Monday, March 1, 2010

And the World Comes Crashing Down

So it has been a little over a week since I received the devistating letter from UW saying that I would not be going to Grad School this summer. I was so very very mad. Still am a little mad. I don't understand why I was given the go ahead, but then it didn't happen. I have been going through the stages of grief, but I am trying to pull myself out of it. I keep getting ask, "So what are you going to do now?" Last week my response was to try not to hit anyone. What else can I do but stay where I am and try again next year? As I have said before, I love my job. I guess I feel like something needs to change. I have received a lot of support from my coworkers, the general response to my telling them that I wasn't accepted is, "I'm sorry you are sad, but I am not sorry you are staying." Very comforting, and I am grateful.

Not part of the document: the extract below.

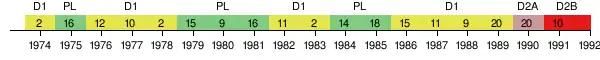 In the 1970s and 1980s SKA moved between Top and First leagues several times. After relegation 1973, they played in the First League in 1974, 1976–1978, 1982–1983, and 1986–1989, and in the Top League in 1975, 1979–1981, and 1984–1985. SKA spent two last years of the Soviet football (1990 and 1991) in the Second League.

I tried some retail therapy this weekend, but found that I wasn't very good at it. I kept talking myself out of spending money. I guess that is a good thing, now I will just have more money to spend when I go to Virginia in May. I want another cat, but it just hasn't been convenient to get one yet. And I am pretty sure that my landlord doesn't want anymore pets in the apartment after my stinky cat died. But I have still been paying the extra pet fee every month in the hopes that if I do decide to get another cat some day they won't have a leg to stand on since I have a lease saying I can have one and I have been paying the extra money eventhough I don't have one right now.